Introducing Charles Darwin (aka Matthew L.)

On September 16, 1845, the Beagle, the ship I was on, reached the Galapagos Archipelago, a cluster of islands on the equator 600 miles west of South America. During my five weeks in the Galapagos, I found the giant tortoises that differed so greatly from one another that any body with half an eye could immediately say which island they came from.
Two forms of iguanas lived in the islands. Each type had affinities with the common South American green iguana, yet they had evolved into separate genera.

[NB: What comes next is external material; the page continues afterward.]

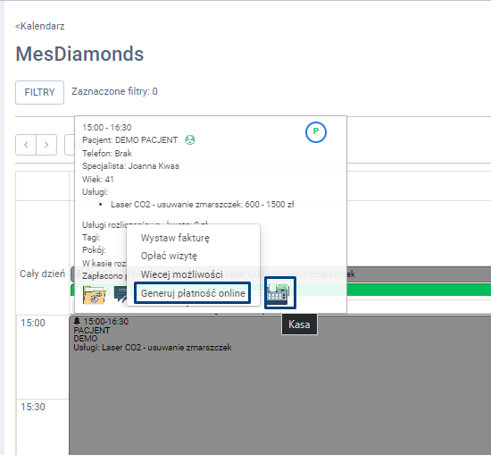 Możesz w dowolnym momencie wygenerować link do płatności online dla konkretnego pacjenta. Aby to zrobić należy wybrać zakładkę KALENDARZ w bocznym menu, a następnie kliknąć na konkretną wizytę. W oknie informacyjnym do wizyty kliknij w ostatnią ikonkę poniżej (kasa) i wybierz opcję „generuj płatność on-line”.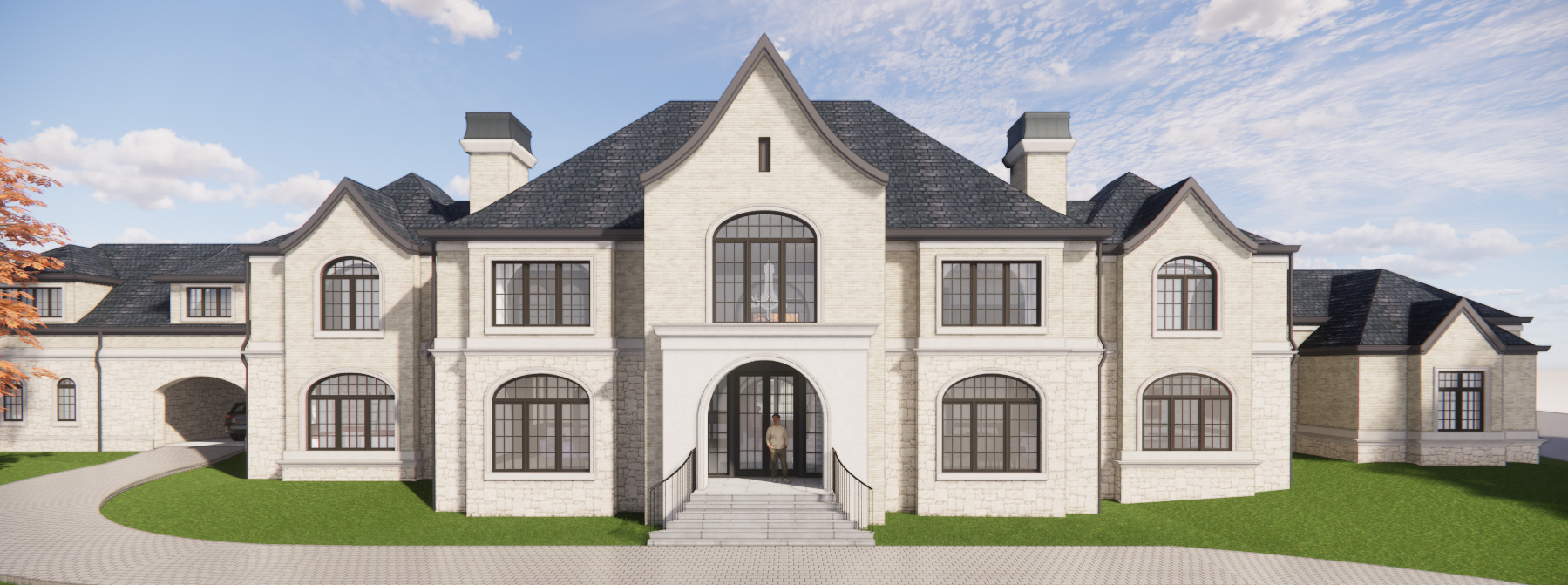 charcoal gray slate roof enhance light gray mortar in brick veneer add modern landscaping between house and driveway

Conolophus, adept at living on the arid islands feeding on sharp-spined Opuntia cactus became the land iguana, while Amblyrhynchus with its flattened tail for swimming, its strong claws for hauling itself out of the water, and its blunt, shortened snout for scraping algae off of rocks, became the marine iguana. Many of the birds that I found, especially the land birds, were endemic species found nowhere else on earth. Here were thirteen different types of finches whose beaks were modified to different sub-environments on the islands. The Galapagos islands were volcanic in nature and relatively recently formed, and the animals that dwelt there had to have come from someplace else. Those most closely resembling the Galapagos community were the animals that lived closest to the islands on the mainland. But they were not the same animals. Why?
Why? That was the question that plagued me. Why? Eight years after my return, I wrote to my close friend and colleague, Sir Joseph Hooker: "At last gleams of light have come, and I am almost convinced (quite to the contrary to the opinion I started with) that species are not (it is like confessing a murder) immutable." According to Genesis, God created all plants and animals, and they have not changed significantly since that time. Yet the only way that I could explain all of my observations was that they had indeed changed. The pivotal role of the Galapagos islands in shaping my new world view is clear from a passage in his ornithological notebooks:
"If there is the slightest foundation for evolution, the zoology of the Galapagos will be well worth examining..."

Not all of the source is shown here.